Он почти не упоминал имени божия - третьего слова в устах людей, подобных ему. Я спросил: много он молится?
- Нет, не шибко много, - задумчиво ответил старик, закрыв голые свои глаза. - Сначала я здорово молился; бывало, часами стою на коленках, все крещусь. Руки у меня пилой намотаны, не устают, и спина тоже. Тыщу поклонов могу положить - не охну. А вот косточки на коленях - не терпят, ноют. Потом я вздумался: чего это я молюсь, о чем? Все у меня есть, люди меня уважают, а я - бога беспокою. У бога - свои дела, зачем мешать ему? От него даже отводить надо людские пустяки. Он, бог, про нас заботится, а мы о нем - нет! И я так думаю: господь живет для больших людей, где у него время для меня, мелкого дурака? Теперь я - просто так: не спится ночью, выйду из пещеры, сяду тут где-нибудь да, глядя в небеса господни, думаю: "Как он там?" Это, дружба, очень приятная занятия, до того, что и сказать нельзя, - дивен сон наяву! И - не устаешь, как на молитве. Ничего я у него не прошу, да и другим не советую, а когда, вижу, надо, говорю тому, другому: бога пожалей! Вот приходи-ка, погляди, какой я полезный и ему, и людям…
Он говорил не хвастливо, а со спокойной уверенностью мастерового в знании своего ремесла. Голые глаза его улыбались весело, скрашивая безобразие изуродованного лица.
- Зимой-то как живу? Ничего, у меня и зимой тепло. Только зимой народу трудно ходить ко мне из-за снега - бывает, сутки по двое, по трое без хлеба живу. Один раз - суток восемь али больше не ел ни крошки, обессилел до того, что и память потерял. Девонька одна пришла-таки, выправила меня. Монастырская служка она была, а после вышла замуж за учителя. Это я ее надоумил: "Что ты, Ленка, говорю, балуешься?
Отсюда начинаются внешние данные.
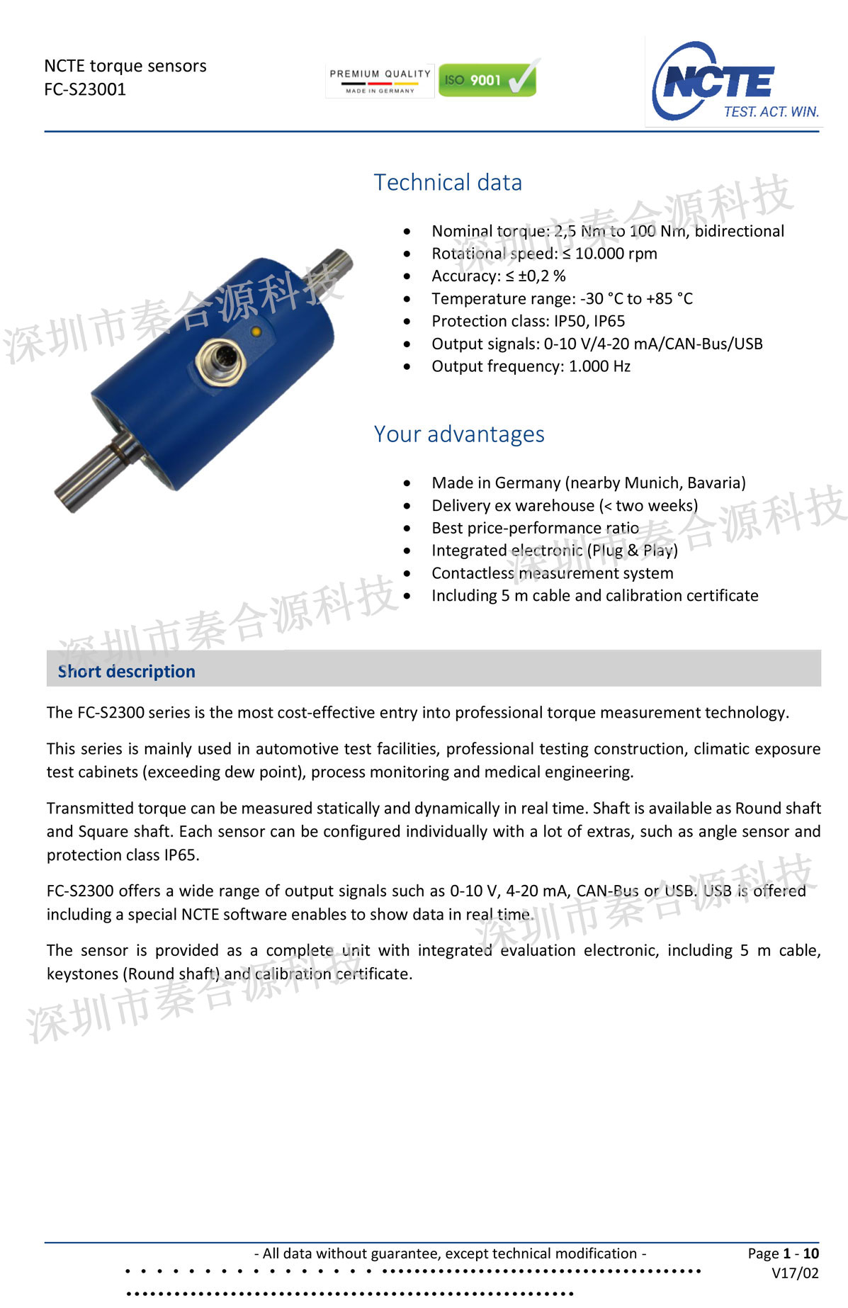NCTE S2300動態扭矩傳感器10000轉高轉速扭矩
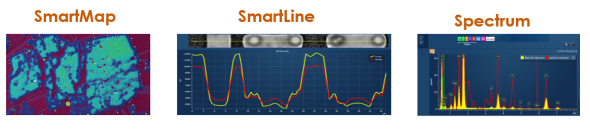 1. SmartMap – Contains spectral data from an area of the sample, where each pixel contains a full set of X-ray data.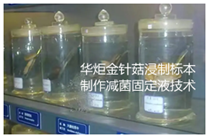 金针菇原色浸制标本不仅在教学科研中有着很重要的作用,而且在标本陈列、展示和艺术观赏等方面也有着重要的价值,由于金针菇植物体内含有的化学成分复杂,其化学变化规律难以掌握,给原色金针菇植物浸制标本的制作带来了很大的困难。目前,传统的金针菇原色标本制作存在着易挥发,容易对人体造成伤害的不良因素。为了解决现有技术中存在的金针菇浸制标本的有害试剂易挥发的缺点,华炬新产品研究所技术咨询委员会技术人员现推荐一项金针菇浸制标本制作减菌固定液技术配方,该技术产品便于对金针菇标本进行灭菌、消毒、防腐、存储,采用原料均为无毒、低毒试剂,在挥发时减小了对人力的伤害,具有很好的防腐作用,该技术产品配方技术先进、组方科学、制备工艺简单,使用安全、方便,且容易被接受,现将该金针菇浸制标本制作减菌固定液技术配方的配方组成、制备方法方法介绍如下供研究交流参考:(211471 321376)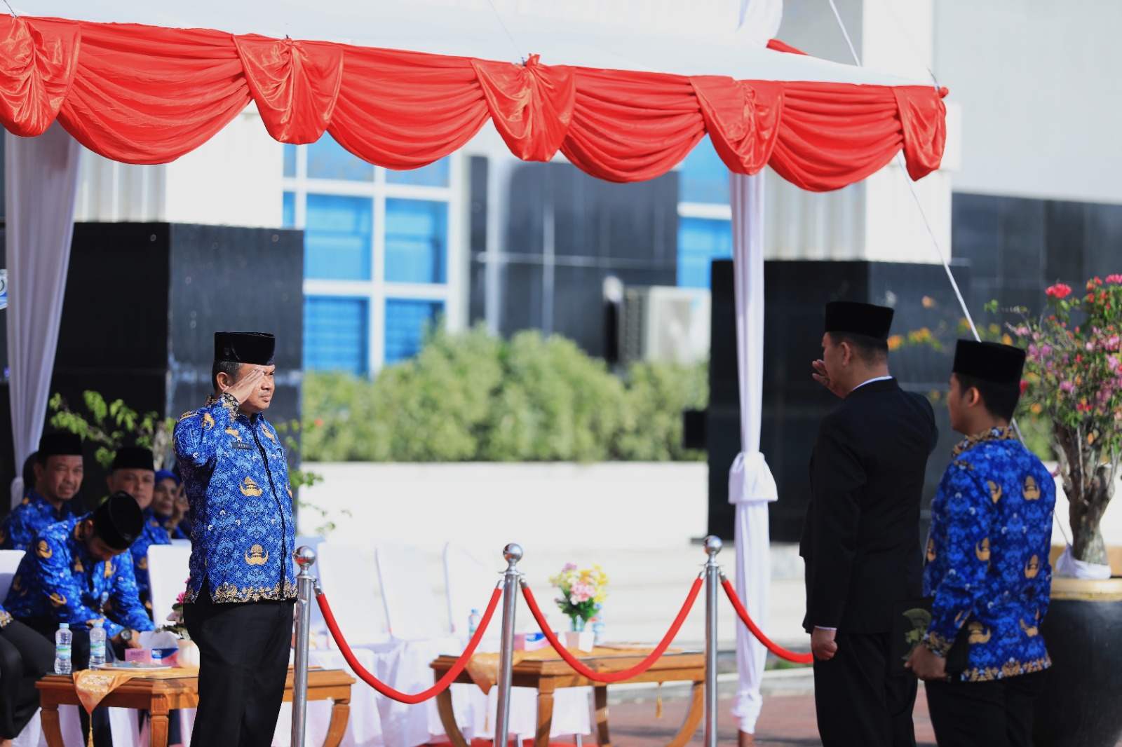 Sekretaris Daerah Kota (Sekdako) Pekanbaru Indra Pomi Nasution membacakan pidato Mendagri Tito Karnavian. Disampaikannya, perjalanan otonomi daerah lebih dari seperempat abad merupakan momentum untuk memaknai berbagai arti filosofi dan tujuan otonomi daerah.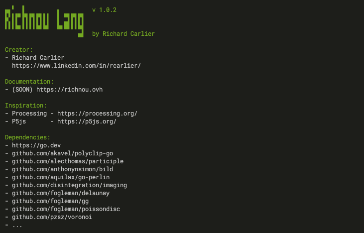 L'aide en ligne via la commande richnou --help permet d'avoir l'aide général.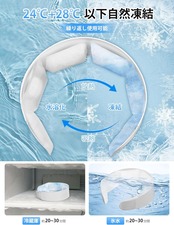 24℃+28℃自然凍結&首に巻くひんやり冷却リングアイスネックリングは、ネッククーラー、クールリング、クールネックリング、クールネック、ネックアイスバンドやネッククールリングとも呼ばれ、首周りを冷やすグッズです。クールネックリングは冷蔵庫や冷水で冷やすだけで、首の両側の結晶は24℃以下で自然凍結し、首の後ろ側の結晶は28℃以下で自然凍結する。電池や電源不要、冷やせば何度でも使えるエコ設計。首筋から効果的に冷やす!首元の広い範囲に触れるデザイン、ピッタリフィットで効率よく冷やす!固まるまでの時間が短く、便利にお使いいただけます。※こ注意:温度が非常に高い場合は、冷却時間を長くする必要があります。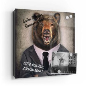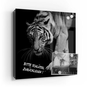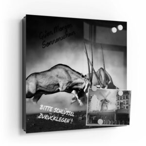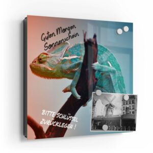 Wer kennt es nicht: Man ist in Eile und der Autoschlüssel ist nicht aufzufinden. Oder er liegt mit vielen anderen Schlüsseln lose und unschön auf der Anrichte. Mit einem Schlüsselkasten erleichterst du dir den Alltag und bringst Ordnung ins Chaos. So ist endlich Schluss mit der Sucherei und dein Flur bleibt aufgeräumt. Im Design Schlüsselkasten finden auch selten genutzte Schlüssel einen Platz und können übersichtlich aufgehängt werden. Zum praktischen Alltagshelfer wird der Schlüsselkasten, da er auch als kleines Notizbrett dient: Er kann einfach mit einem abwischbaren Marker beschrieben werden. Sehr gut sind dafür zum Beispiel Kreidemarker geeignet, mit denen du Botschaften an deine Liebsten hinterlassen kannst oder einfach wichtige Termine notierst. Die Oberfläche des Glases ist äußerst kratz- und schlagfest und damit langlebig, auch wenn der Kasten täglich genutzt wird. Das Glas wird mit einer hochwertig bedruckten Folie versehen, die farbecht ist. Fotos und Kunstwerke wirken damit immer gestochen scharf und durch die Glasoberfläche schon fast dreidimensional. Somit wird der Schlüsselkasten selbst zum Designobjekt.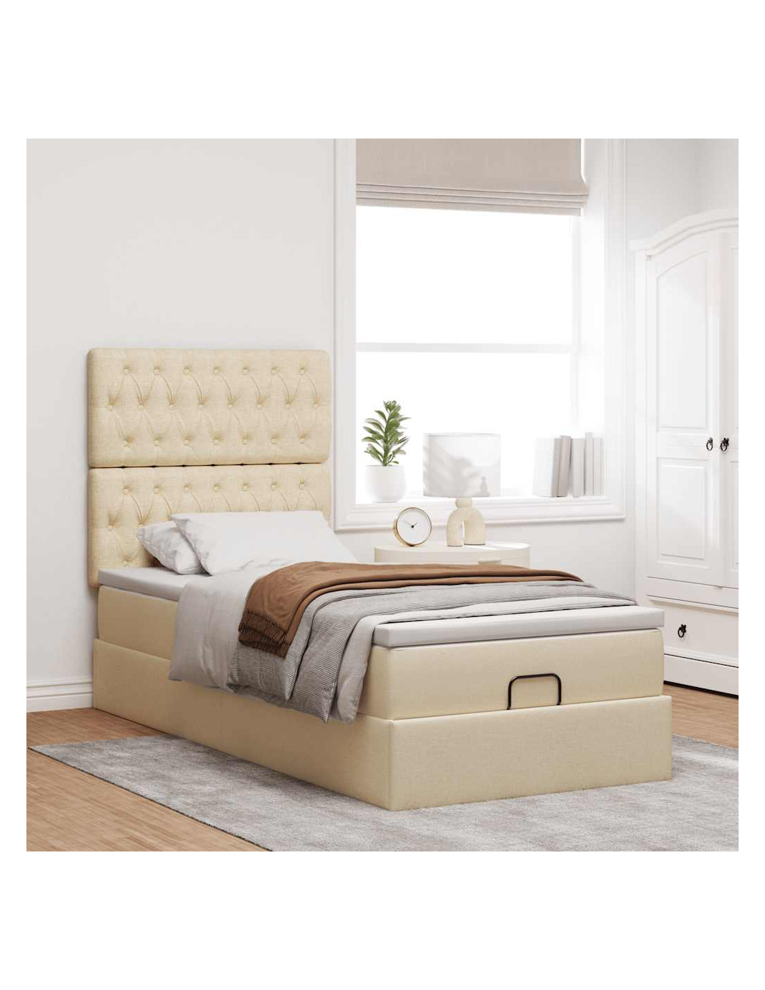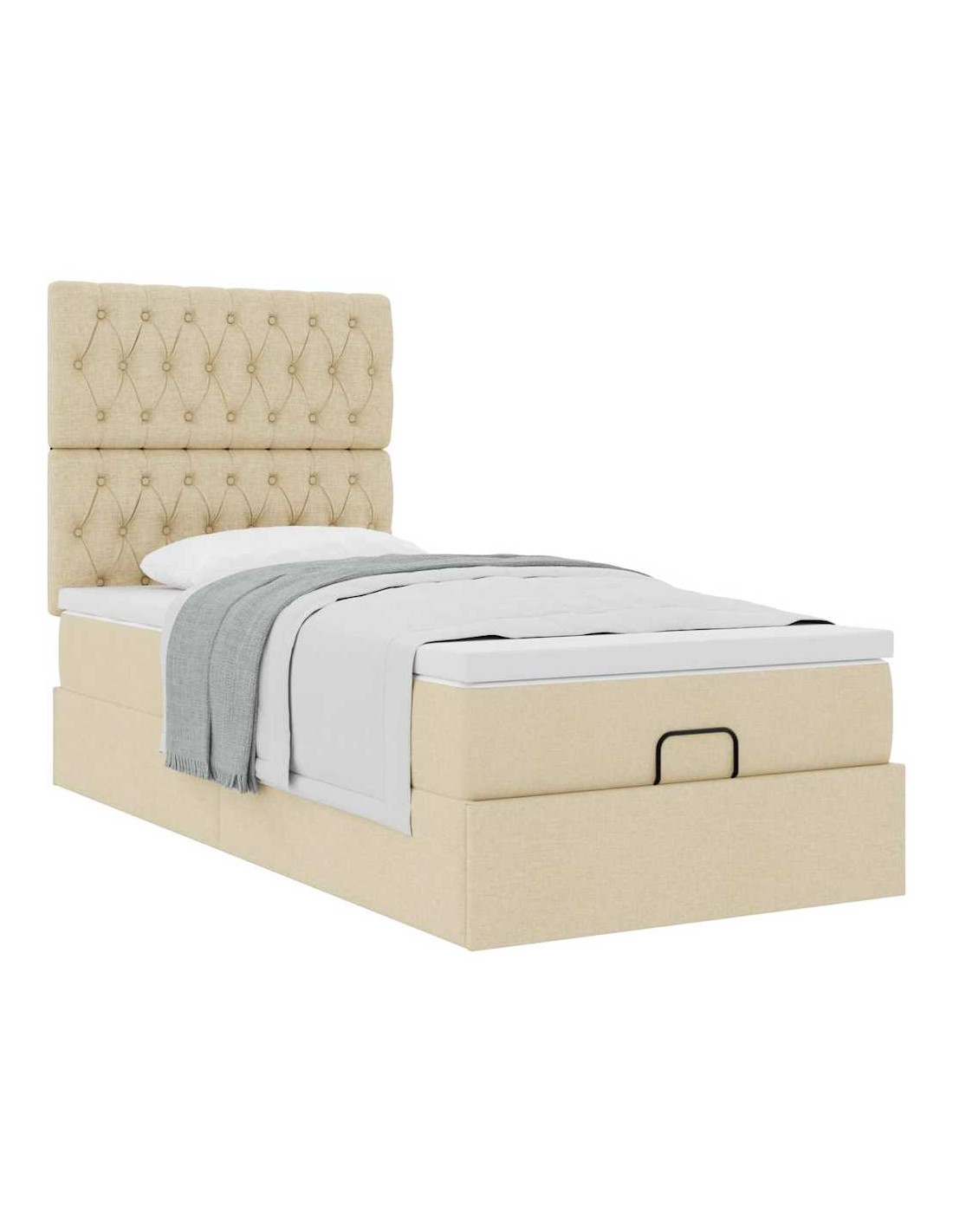 Struttura Letto Pouf con Materasso Crema 90x190 cm in Tessuto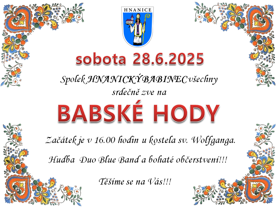 V sobotu 28.6.2025 spolek Hnanický Babinec všechny srdečně zve na tradiční BABSKÉ HODY. Začátek je v 16.00 hodin u kostela sv. Wolfganga. V případě nepříznivého počasí se program uskuteční v kulturním domě. O hudební doprovod se postará Duo Blue Band. Občerstvení zajištěno, vstupné dobrovolné.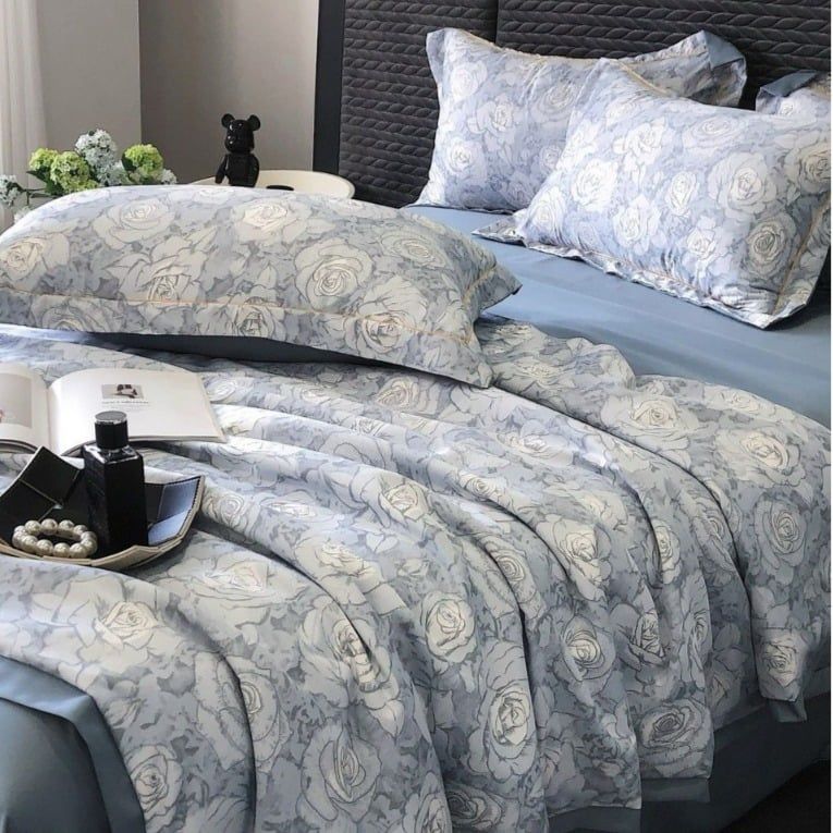 B21 - Bộ Chăn Ga Gối Lụa Thái 4 Món Hoa Lụa Xanh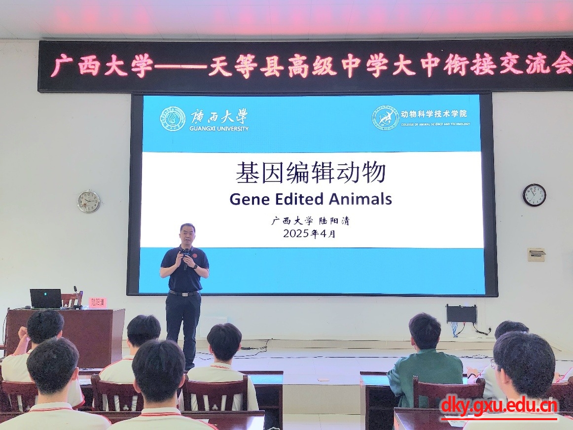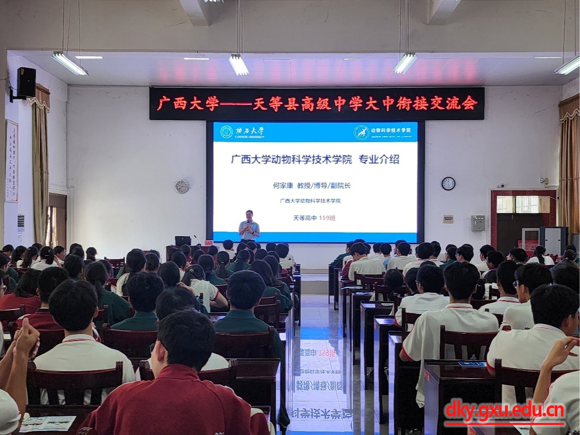 在天等县高级中学,陆阳清院长以《基因编辑动物》为题,结合自身科研经历,向同学们展示了前沿生物技术的魅力与广阔应用前景,激发学生对生命科学和36365线路检测登录入口的浓厚兴趣,很多同学表示“对动物科技领域充满向往,希望未来能成为36365线路检测登录入口的一员”。何家康副院长通过PPT主题报告和宣传片《一起“动”起来》向同学们介绍了学院的基本情况,回顾了自己难忘的高中生涯,跟同学们分享了自己的求学经历,鼓励同学们努力拼搏,勇敢追梦,实现自己的人生理想。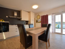 2 -sobna kuća 38 m2, prema sjeveru. Dnevni boravak/blagovaona 20 m2 s 1 kaučem za 2 osobe (140 cm, dužina 200 cm), TV-om sa sat. prijemnikom (plosnatim TV ekranom), klima uređajem. Izlaz na terasu. 1 soba s 1 franc. krevetom (160 cm, dužina 200 cm). Izlaz na terasu. Otvorena kuhinja (4 ploče za kuhanje, pećnica, zamrzivač, el. aparat za kavu). Tuš/WC. Klima uređaj (uz doplatu). Terasa 40 m2. Garnitura za sjedenje. Pogled na more. Na raspolaganju: Internet (wireless LAN [WLAN], besplatan).- postrojenja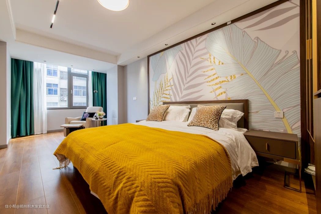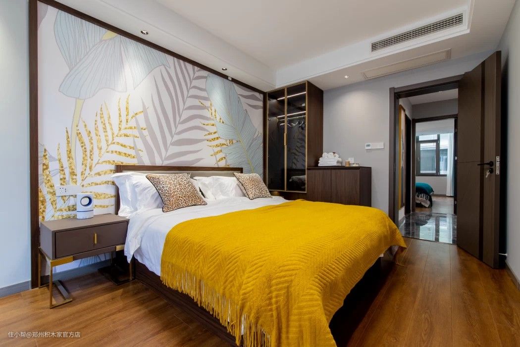 实木地板是打造卧室轻奢雅致的另一个重要元素。实木地板给人一种自然、温暖和高贵的感觉,它的质感和纹理能够为整个卧室增添一份独特的韵味。选择一个色调温和的实木地板,与黄色床品和背景墙相互呼应,可以创造出一种舒适、优雅的氛围。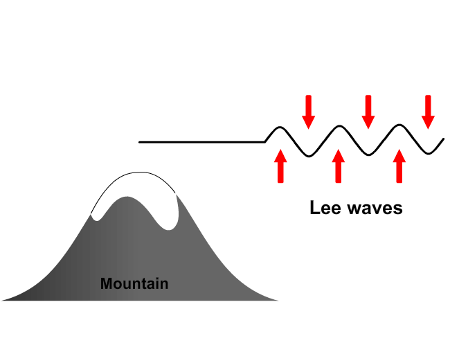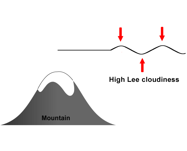 Sometimes the Lee Waves are situated immediately behind the mountain and the High Lee Cloudiness is found further downwind.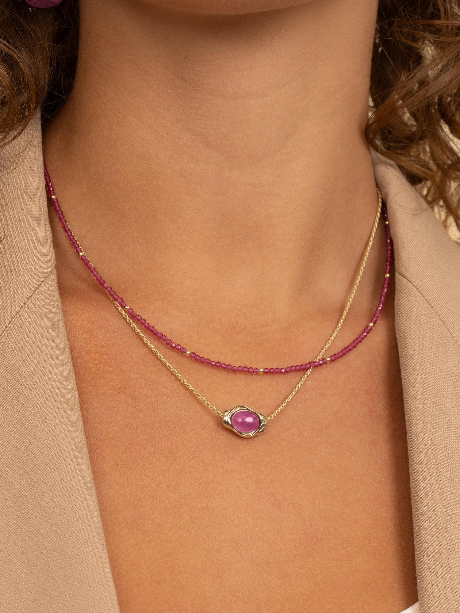 Kralen Ketting 2mm Candy Jade 42cm +2cm. Deze ketting brengt kleur en subtiliteit samen. De 2 mm kralen laten Candy Jade helder spreken, terwijl de verstelbare lengte eenvoudig afstemt op je halslijn. Draag solo voor minimalistische elegantie, of bouw een gelaagde set met een schakelketting en een subtiele hanger. De candykleur harmonieert met goud en zilver en geeft neutrale outfits een frisse gloed. Naast denim en wit ontstaat een speelse balans, bij zwart een modern contrast. De gladde afwerking voelt prettig op de huid en blijft comfortabel tijdens lange dagen. Laat de kleur zacht terugkomen in studs of een ring voor een persoonlijke, samenhangende set.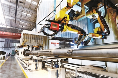 吴志杰:比如我们生产的钻杆,需要进行超厚钢板的焊接,对焊接技术要求很高,原来靠人工,整个厂里只有二三十年工作经验的老师傅能干,实现智能化后,可以将工匠师傅的经验参数化,复制到专门的软件里,自动焊接,输出是固定的。原来一天焊接两个产品,现在焊接机器人一天可以焊接10个。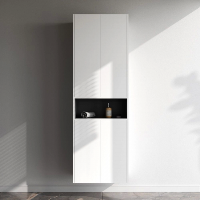 Вся мебель из коллекции подчинена единой визуальной концепции что позволяет легко комбинировать между собой шкафчики и ниши разных размеров. Теперь вы точно сможете создать в своей ванной идеальное место где найдется место для каждой вещи.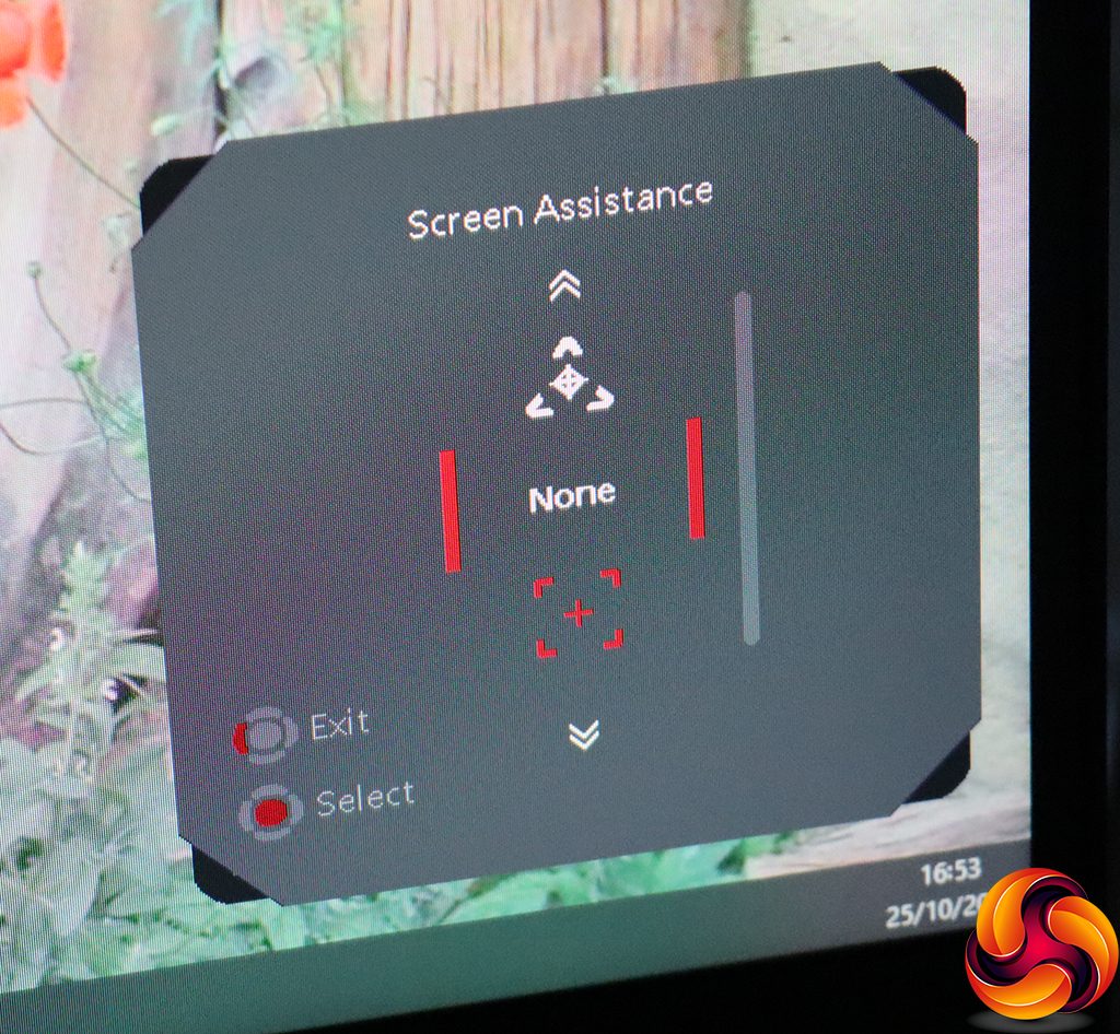 Finally, pulling the joystick down reveals the “Screen Assistance” menu, where you can enable a range of hardware crosshair types, which you can use when practicing your skills.

К чему это тебе?" - "Я, говорит, сирота". - "Выходи замуж - вот и конец сиротству". А тут - учитель, Певцов, милый человек, я ему и советую: "Приглядись, Миша, к девушке". Да. Он ее в скорости и поял. Ничего, живут. Ну, зимой я в Саров ухожу, в Оптину, в Дивеевский - тут кругом монастыри. Монахи, однако, на любят меня, всё к себе зовут, чтобы я постригся, в старцы шел бы, - им это выгодно, приманка людям, а я не хочу, я живой, мне это не годится. Али я - святой? Я, дружба, просто - тихий человек…
Смеясь, потирая бока ладонями, он умиленно сказал:
- Зато у монахинь я - милый гость! Любят они меня, - эти меня любят! Не хвастаю, чистая правда. Я, дружба, женщину насквозь знаю, всякую, какую хочешь, - хоть дворянских кровей, хоть купеческих, а простая баба мне насквозь видна, как моя душа. Погляжу в глаза и все понимаю, - всякое беспокойство ее. Я тебе про них такие сказы могу рассказать…
И снова он убедительно пригласил меня:
- Ты вот приходи, увидишь, как я с ними гуторю. Ну-ко, давай еще опрокинем по баночке.
Выпив, он зажмурил глаза и, качая головой, с новым восхищением проговорил: - До чего же это вино полезное!
Короткая ночь весны заметно таяла, становилось свежо, я предложил развести костер.